When delta boundaries are enabled (via "Use delta for boundaries" in the Constraints panel, visible in the Relative Constraints image above), the "Minimum" and "Maximum" columns in the parameter tree view are replaced with a single "Delta" column. The actual bounds used during refinement are computed as [current_value - delta, current_value + delta].

Mirror Constraints from First Detector

When working with multi-detector instruments, it is common to want all detectors to have the same refinement settings (which parameters vary, and what their delta values are). The "Mirror Constraints from First Detector" option copies the vary status and delta values from the first detector to all other detectors. This saves time and ensures uniform refinement across the instrument.

Slider View

The slider view in the instrument configuration panel provides interactive sliders for manually adjusting detector positions and tilts. This can be useful for roughly aligning detectors before running a calibration, getting the starting position close enough for the optimizer to converge.
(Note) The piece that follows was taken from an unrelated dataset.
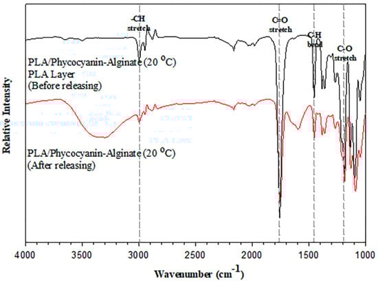 An ATR–FTIR test was conducted on the composite at optimized conditions, which were the PLA/phycocyanin–alginate composite prepared at a phycocyanin/alginate ratio of 40/60, stirred at 20 h and 20 °C. From Figure 10, it can be observed that there was no shift in absorption bands for the PLA/phycocyanin–alginate composite (20 °C) after the releasing test. Furthermore, this result was taken from the phycocyanin/alginate layer of the patch that had been released, and it can be seen that the characteristic of the absorption band was similar to the absorption band of the PLA layer of the composite before releasing. From this result, it can be assumed that phycocyanin and alginate had been fully released after the releasing test.
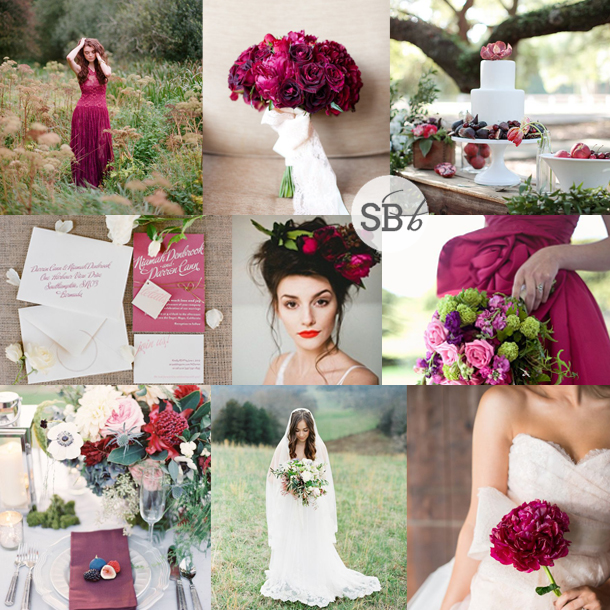 Top row (l-r): Magenta dress {Pearl & Godiva/Corbin Gurkin/Maria Lluisa Rabell}; bouquet {Jesse Leake Photography/Brown Paper Design}; fig cake table {Landon Jacob Photography/Spencer Special Events}

Lock Relative Transformations

When the "Lock Relative Transformations" checkbox is enabled in the slider view, moving one detector's slider will move all other detectors by the same amount, preserving their relative positions. This is similar in spirit to the rigid body constraints used during calibration, but applied to manual adjustments.

Group Rigid Body / Instrument Rigid Body

These options control the scope of the locked transformations:

• Group Rigid Body: Only detectors within the same group (e.g., subpanels of the same Dexela panel) move together.
• Instrument Rigid Body: All detectors in the instrument move together.

Multiple X-Ray Sources

For instruments configured with multiple X-ray sources (such as some TARDIS datasets), the calibration dialog provides additional controls for working with the different beams.

As shown in the Engineering Constraints image above, a dropdown in the calibration dialog allows you to switch between X-ray sources. A "Show picks from all x-ray sources" checkbox controls whether picks from all sources are displayed simultaneously. This makes it easier to focus on the picks for one source at a time without visual clutter.

See also the Switching Between X-Ray Sources section in the Views documentation for how to switch source projections in the polar view outside of calibration.

Advanced Options

The calibration dialogs include advanced options that control the behavior of the underlying least-squares optimizer. These can be revealed by checking "Show Advanced Options" in the calibration dialog.

The available options are:

• ftol: Relative tolerance for the cost function. The optimization stops when the change in the cost function between iterations is smaller than this value.
• xtol: Relative tolerance for the parameter values. The optimization stops when the change in parameters is smaller than this value.
• gtol: Tolerance for the gradient. The optimization stops when the maximum component of the gradient is smaller than this value.
• verbose: Controls the amount of output printed to the console during optimization. Higher values produce more output, which can be useful for debugging convergence issues.
• max_nfev: Maximum number of function evaluations. If the optimization has not converged after this many evaluations, it stops.
• method: The optimization method to use (e.g., trf, dogbox, lm). The default is typically appropriate, but advanced users may want to experiment with alternatives.
• jac: The method for computing the Jacobian matrix (2-point, 3-point, or cs). The default is usually fine.

Hover your mouse over each option in the dialog for a brief description.

Help Button

Throughout HEXRDGUI, dialogs include a "Help" button that opens documentation specific to the current dialog.